Luckily, those we spoke to offered their insights on small ways to work towards change in the gambling industry. However, it should be noted that every one of them, though happy to offer advice or possible avenues to change, expressed vehemently that they would not return to the gaming industry, even if they were made a lucrative offer.
That alone should signal that we’re a long, long way off from meaningful inclusion, representation and treatment of women.
“There was never a willingness to evolve, educate, learn or change, but the world around us was doing just that,” Michelle says. “They’re stuck in their ways; you can’t change if you’re not open and willing to change. You have to be emotionally intelligent enough to do some self-reflection.
“The only thing that caused any movement was fear. The looming of the Me Too movement made the industry’s men want to cover their arses. It wasn’t coming from a place of sincerity. There are people who care, but as a whole, that fear was the only thing that started to right the path.”
Michelle says she met with women at her company frequently before leaving, and she finally started to feel like they were working together rather than competing against each other. She doesn’t know if that carried on in her absence.
At her company, Natalie noticed the fear, too. “The toxic culture made everyone feel scared. One coworker had a family, a son, and she would tell me she goes home, cooks dinner for her family, then works for hours at night.”

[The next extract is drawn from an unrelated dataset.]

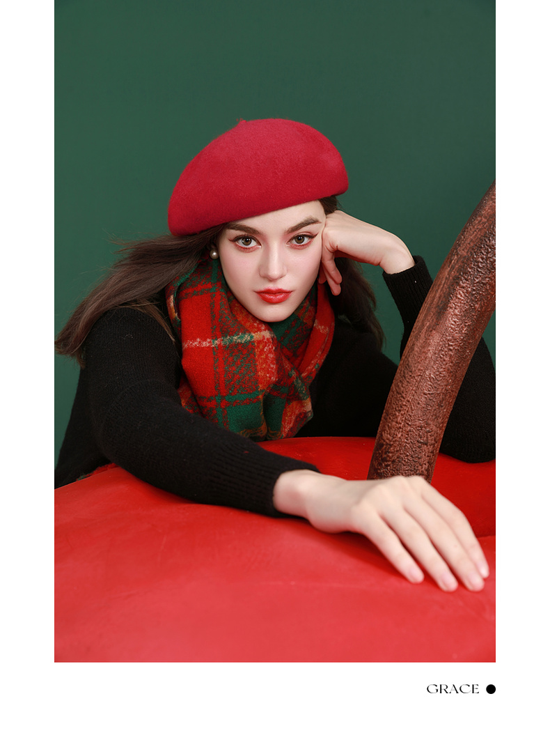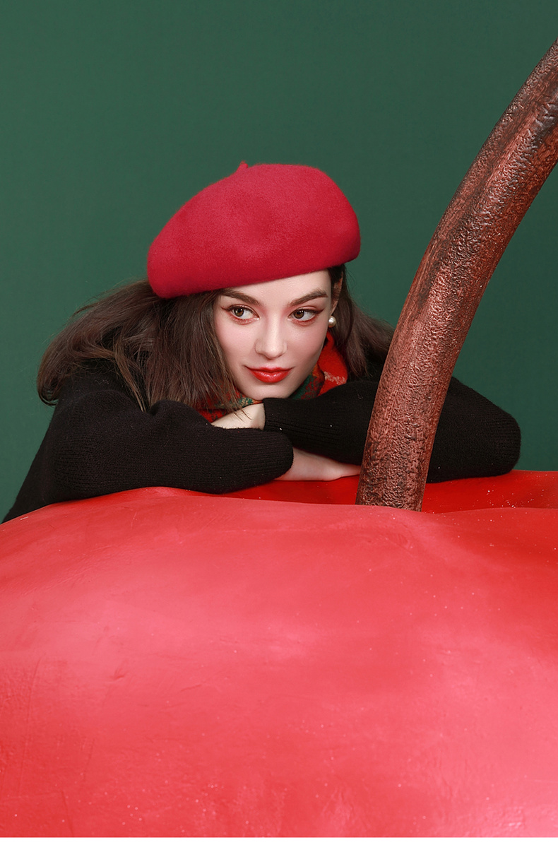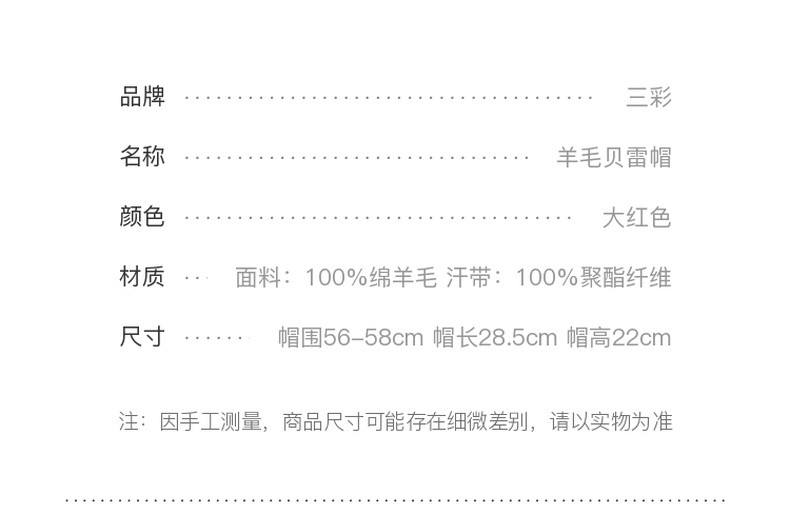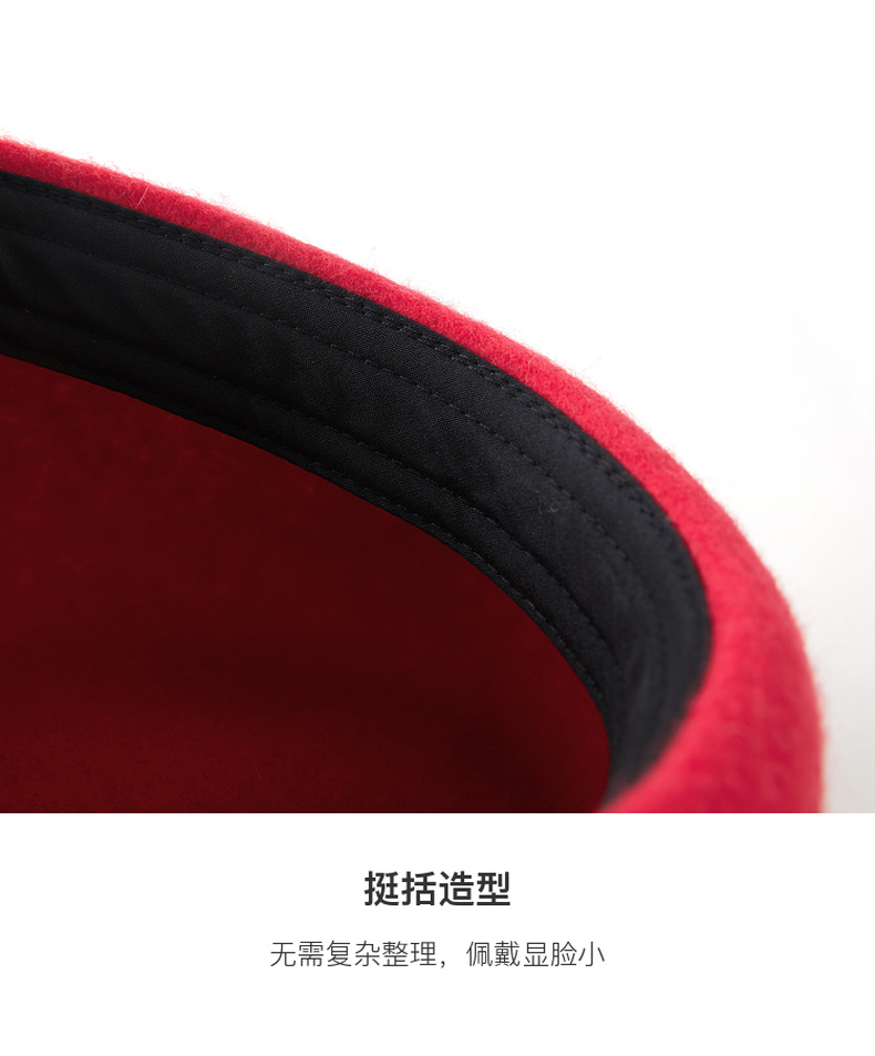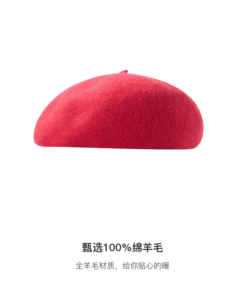 三彩2024新款秋冬绵羊毛贝雷帽保暖帽子本命年红色帽显脸小复古

Natalie says diversity and inclusion programmes are a good first step, but they need to have backing and actual care put into them. You can’t slap a bandage over the problem; it needs to cure the actual illness.
There’s also a lack of empathy and understanding – from all corners of the industry.
“Diversity and inclusion programmes are good,” Anna says. “They can help people understand each other. Also mental health. People need to know they are valued and cared for as people, not just professionals.”
Olivia says change needs to come from the top, a place mostly inhabited by white men.
“The people leading these companies need to change, which is an industry-wide problem. It’s all older white men that have been doing things a certain way and don’t want to change it, whether it’s diversifying the workplace or adopting new technology. They are scared of change.”
To make the industry hospitable or even valuable for women, change needs to happen from top to bottom. The ways of the past aren’t working. They’re making the problems worse. Women are expected to carry the torch of change while working multiple roles to “prove themselves”, earning less and trying to enjoy a personal life.
Meanwhile, the men they work with simply do their job and clock out. The burden placed upon women is crushing, and it’s no wonder the four we spoke to (among countless others we didn’t) seek opportunity somewhere more progressive.